External rules

You can include your own custom rules with -rules or --ext-rules arguments. It accepts comma-separated list of paths to files, directories or name of the Python module. Example:

robocop -rules my/own/rule.py --ext-rules rules.py,external_rules.py

Every custom checker needs to complete following requirements:

  1. It needs to inherit from official checker classes (VisitorChecker, ProjectChecker or RawFileChecker) and implement required methods. Refer to Rule basics for more details.

  2. There should be a non-empty rules dictionary containing rules definition with your checkers.

  3. Each checker should contain a tuple reports as a class attribute containing names of the rules used by the checker.
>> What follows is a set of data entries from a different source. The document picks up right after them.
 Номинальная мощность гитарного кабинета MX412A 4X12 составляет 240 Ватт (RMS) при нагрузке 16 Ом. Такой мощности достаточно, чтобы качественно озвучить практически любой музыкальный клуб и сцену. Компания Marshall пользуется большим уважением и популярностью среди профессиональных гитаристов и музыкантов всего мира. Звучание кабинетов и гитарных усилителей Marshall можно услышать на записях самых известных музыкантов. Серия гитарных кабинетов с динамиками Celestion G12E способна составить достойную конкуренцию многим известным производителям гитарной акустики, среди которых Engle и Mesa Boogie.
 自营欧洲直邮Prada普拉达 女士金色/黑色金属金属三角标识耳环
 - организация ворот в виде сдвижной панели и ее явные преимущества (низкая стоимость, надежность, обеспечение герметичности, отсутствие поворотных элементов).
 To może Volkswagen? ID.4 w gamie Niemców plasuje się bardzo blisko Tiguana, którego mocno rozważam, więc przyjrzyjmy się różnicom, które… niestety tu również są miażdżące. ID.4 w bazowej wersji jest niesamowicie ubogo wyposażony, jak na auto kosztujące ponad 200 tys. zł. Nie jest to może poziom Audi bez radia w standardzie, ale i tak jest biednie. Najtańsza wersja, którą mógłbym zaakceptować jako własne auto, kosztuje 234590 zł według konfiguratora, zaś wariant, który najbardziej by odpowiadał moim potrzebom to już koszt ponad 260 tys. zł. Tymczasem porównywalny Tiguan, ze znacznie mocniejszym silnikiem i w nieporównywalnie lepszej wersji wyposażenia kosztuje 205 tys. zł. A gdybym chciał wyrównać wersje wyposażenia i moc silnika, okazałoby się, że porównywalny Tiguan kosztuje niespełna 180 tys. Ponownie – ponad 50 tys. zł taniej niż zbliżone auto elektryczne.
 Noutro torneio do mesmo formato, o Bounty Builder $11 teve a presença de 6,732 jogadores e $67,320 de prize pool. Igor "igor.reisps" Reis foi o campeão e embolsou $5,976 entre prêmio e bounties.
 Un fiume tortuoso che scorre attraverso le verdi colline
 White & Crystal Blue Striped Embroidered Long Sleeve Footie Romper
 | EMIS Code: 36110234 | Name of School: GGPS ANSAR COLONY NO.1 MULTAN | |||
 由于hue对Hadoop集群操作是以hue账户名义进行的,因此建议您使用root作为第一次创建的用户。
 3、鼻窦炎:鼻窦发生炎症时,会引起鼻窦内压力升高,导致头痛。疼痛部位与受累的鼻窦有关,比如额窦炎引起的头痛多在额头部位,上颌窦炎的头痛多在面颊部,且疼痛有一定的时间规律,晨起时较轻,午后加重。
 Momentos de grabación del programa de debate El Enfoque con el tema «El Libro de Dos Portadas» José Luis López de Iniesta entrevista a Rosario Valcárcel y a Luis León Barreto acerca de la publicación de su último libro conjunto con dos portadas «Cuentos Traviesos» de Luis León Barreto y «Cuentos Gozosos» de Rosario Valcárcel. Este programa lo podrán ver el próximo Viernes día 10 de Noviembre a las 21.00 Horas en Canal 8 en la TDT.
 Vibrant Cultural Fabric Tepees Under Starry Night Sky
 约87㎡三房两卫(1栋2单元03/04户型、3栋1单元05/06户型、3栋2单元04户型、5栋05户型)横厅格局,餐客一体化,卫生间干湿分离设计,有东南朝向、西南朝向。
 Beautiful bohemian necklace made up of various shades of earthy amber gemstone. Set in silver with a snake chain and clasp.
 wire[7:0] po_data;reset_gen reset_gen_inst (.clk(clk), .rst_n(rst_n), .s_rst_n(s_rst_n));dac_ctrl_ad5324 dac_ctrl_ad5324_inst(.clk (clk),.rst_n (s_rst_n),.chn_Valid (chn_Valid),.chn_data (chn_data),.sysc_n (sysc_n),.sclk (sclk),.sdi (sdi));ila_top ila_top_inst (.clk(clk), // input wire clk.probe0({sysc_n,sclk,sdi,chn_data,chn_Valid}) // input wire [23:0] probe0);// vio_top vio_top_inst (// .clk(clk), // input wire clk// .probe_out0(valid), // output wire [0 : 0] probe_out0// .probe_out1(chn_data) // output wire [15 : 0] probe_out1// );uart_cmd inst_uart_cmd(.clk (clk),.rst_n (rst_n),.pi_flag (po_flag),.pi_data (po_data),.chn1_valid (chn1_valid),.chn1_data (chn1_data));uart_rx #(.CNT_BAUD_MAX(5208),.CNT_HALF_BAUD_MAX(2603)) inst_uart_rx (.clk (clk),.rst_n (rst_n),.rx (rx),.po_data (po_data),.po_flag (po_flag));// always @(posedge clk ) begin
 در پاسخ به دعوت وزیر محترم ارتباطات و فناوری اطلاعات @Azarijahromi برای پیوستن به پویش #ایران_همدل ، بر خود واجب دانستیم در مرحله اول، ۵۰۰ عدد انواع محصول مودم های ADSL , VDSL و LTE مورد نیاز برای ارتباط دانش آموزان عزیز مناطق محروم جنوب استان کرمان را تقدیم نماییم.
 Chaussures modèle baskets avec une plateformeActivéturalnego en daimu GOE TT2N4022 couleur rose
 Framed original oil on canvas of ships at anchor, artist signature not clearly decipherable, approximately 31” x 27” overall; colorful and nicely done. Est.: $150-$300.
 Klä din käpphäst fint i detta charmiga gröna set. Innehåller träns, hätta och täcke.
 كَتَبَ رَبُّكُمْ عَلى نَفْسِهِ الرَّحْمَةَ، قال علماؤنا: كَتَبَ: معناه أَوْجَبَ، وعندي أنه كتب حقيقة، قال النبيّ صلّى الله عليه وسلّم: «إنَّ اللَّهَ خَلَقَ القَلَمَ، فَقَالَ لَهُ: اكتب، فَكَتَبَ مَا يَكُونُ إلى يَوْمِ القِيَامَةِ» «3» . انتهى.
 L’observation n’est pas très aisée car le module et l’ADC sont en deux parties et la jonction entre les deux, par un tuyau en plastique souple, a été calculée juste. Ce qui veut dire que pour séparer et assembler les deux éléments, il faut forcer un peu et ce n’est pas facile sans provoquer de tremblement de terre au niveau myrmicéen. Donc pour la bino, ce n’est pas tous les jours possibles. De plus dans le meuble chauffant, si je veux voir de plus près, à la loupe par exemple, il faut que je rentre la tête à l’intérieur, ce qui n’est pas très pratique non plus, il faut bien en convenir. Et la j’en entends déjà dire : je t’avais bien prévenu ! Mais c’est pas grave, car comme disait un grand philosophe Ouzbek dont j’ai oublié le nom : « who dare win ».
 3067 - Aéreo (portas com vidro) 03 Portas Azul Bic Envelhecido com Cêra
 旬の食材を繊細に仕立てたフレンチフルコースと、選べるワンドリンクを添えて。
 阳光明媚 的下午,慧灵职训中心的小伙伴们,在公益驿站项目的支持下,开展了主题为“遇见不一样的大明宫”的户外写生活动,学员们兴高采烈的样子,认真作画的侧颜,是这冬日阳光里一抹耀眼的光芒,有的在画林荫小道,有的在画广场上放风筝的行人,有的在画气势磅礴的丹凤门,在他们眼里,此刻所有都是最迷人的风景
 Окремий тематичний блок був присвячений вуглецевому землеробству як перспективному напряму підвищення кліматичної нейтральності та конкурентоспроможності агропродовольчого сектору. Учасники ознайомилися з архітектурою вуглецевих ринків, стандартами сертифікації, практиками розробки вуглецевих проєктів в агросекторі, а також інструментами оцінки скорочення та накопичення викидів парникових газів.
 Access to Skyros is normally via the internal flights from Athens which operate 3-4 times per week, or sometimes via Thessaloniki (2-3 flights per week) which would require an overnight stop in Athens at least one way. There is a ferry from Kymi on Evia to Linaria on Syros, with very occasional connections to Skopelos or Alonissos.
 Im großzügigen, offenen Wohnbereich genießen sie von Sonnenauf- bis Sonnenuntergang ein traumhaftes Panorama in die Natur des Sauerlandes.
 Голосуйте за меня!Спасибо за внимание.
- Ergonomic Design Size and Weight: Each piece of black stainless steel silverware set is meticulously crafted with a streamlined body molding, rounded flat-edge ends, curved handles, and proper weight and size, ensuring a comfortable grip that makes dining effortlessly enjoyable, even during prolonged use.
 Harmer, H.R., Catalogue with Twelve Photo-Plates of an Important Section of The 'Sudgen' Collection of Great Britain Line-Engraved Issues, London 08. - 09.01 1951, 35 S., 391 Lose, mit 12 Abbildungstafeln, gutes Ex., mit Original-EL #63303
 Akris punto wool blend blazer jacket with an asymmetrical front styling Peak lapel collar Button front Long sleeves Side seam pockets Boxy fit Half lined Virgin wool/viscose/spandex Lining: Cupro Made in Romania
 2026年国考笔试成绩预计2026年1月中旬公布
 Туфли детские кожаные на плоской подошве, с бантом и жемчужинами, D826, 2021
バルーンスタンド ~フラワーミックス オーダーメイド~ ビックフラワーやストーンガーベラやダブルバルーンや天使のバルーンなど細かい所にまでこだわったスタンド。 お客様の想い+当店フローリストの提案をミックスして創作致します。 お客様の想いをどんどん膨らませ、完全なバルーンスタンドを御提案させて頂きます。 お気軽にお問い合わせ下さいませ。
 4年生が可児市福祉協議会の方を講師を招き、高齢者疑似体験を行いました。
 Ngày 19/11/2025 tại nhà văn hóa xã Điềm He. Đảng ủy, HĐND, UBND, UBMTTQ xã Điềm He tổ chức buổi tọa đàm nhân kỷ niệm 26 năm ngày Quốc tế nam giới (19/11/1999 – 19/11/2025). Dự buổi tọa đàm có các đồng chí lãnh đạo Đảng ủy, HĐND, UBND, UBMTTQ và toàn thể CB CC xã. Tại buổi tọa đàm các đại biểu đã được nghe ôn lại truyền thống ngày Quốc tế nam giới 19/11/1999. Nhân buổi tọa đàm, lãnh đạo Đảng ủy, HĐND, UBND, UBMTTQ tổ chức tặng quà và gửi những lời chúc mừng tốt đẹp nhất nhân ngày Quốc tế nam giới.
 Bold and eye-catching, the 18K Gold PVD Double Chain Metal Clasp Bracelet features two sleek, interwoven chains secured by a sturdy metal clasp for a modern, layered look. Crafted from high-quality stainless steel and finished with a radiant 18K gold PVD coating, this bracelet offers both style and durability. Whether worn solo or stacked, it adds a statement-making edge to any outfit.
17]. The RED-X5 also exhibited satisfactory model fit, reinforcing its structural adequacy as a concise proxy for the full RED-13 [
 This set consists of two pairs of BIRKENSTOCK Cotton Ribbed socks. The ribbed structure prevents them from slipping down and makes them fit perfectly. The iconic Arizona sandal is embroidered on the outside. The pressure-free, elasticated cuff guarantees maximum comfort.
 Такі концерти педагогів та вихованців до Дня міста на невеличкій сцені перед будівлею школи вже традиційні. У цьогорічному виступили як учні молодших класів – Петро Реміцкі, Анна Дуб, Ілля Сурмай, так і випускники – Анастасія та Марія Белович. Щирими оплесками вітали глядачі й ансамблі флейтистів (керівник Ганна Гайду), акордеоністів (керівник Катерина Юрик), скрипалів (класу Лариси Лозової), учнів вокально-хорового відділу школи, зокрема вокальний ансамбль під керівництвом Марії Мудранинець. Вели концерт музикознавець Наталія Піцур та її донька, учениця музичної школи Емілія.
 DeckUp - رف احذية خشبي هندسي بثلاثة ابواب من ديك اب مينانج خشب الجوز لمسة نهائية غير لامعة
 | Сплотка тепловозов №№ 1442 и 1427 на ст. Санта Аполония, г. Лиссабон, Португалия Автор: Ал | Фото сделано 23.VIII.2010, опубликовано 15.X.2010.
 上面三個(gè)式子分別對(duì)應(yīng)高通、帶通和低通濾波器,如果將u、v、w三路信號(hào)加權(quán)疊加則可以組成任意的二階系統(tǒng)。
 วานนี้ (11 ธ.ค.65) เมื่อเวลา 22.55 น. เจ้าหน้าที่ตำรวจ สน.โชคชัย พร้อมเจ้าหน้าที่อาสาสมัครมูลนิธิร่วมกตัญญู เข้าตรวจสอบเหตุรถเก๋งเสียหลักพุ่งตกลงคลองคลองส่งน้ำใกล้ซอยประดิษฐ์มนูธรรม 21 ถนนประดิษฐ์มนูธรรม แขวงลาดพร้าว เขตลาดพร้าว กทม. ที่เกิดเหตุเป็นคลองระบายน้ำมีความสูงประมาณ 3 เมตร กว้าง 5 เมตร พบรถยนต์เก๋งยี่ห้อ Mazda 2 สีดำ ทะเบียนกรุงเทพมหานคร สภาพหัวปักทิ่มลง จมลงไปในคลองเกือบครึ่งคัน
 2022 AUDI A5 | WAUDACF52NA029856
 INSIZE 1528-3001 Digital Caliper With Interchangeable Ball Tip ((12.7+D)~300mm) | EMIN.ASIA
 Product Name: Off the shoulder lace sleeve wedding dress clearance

  4. Using names and rule IDs different than already existing rules is recommended but in case of using the same ones, they will be overwritten.

This is an example of the file with custom checker that asserts that no test have “Example” in the name:

from robocop.checkers import VisitorChecker
from robocop.rules import Rule, RuleSeverity

rules = {
    "9999": Rule(rule_id="9999", name="example-in-name", msg="There is 'Example' in test case name", severity=RuleSeverity.WARNING)

class NoExamplesChecker(VisitorChecker):
    reports = ("example-in-name",)

    def visit_TestCaseName(self, node):
        if 'Example' in node.name:
            self.report("example-in-name", node=node, col=node.name.find('Example'))

Rule parameters

Rules can have configurable values. You need to specify them using RuleParam class and pass it as argument to Rule:

from robocop.checkers import VisitorChecker
from robocop.rules import Rule, RuleParam, RuleSeverity

rules = {
    "9999": Rule(
        RuleParam(name="param_name", converter=str, default="Example", desc="Optional desc"),
        msg="There is '{{ variable }}' in test case name",

class NoExamplesChecker(VisitorChecker):
    reports = ("example-in-name",)

    def visit_TestCaseName(self, node):
        configured_param = self.param("example-in-name", "param_name")
        if configured_param in node.name:

Configurable parameter can be referred by its name in command line options:

robocop --ext-rules my/own/rule.py --configure example-in-name:param_name:AnotherExample

Value of the configurable parameter can be retrieved using param method:

self.param("name-of-the-rule", "name-of-param")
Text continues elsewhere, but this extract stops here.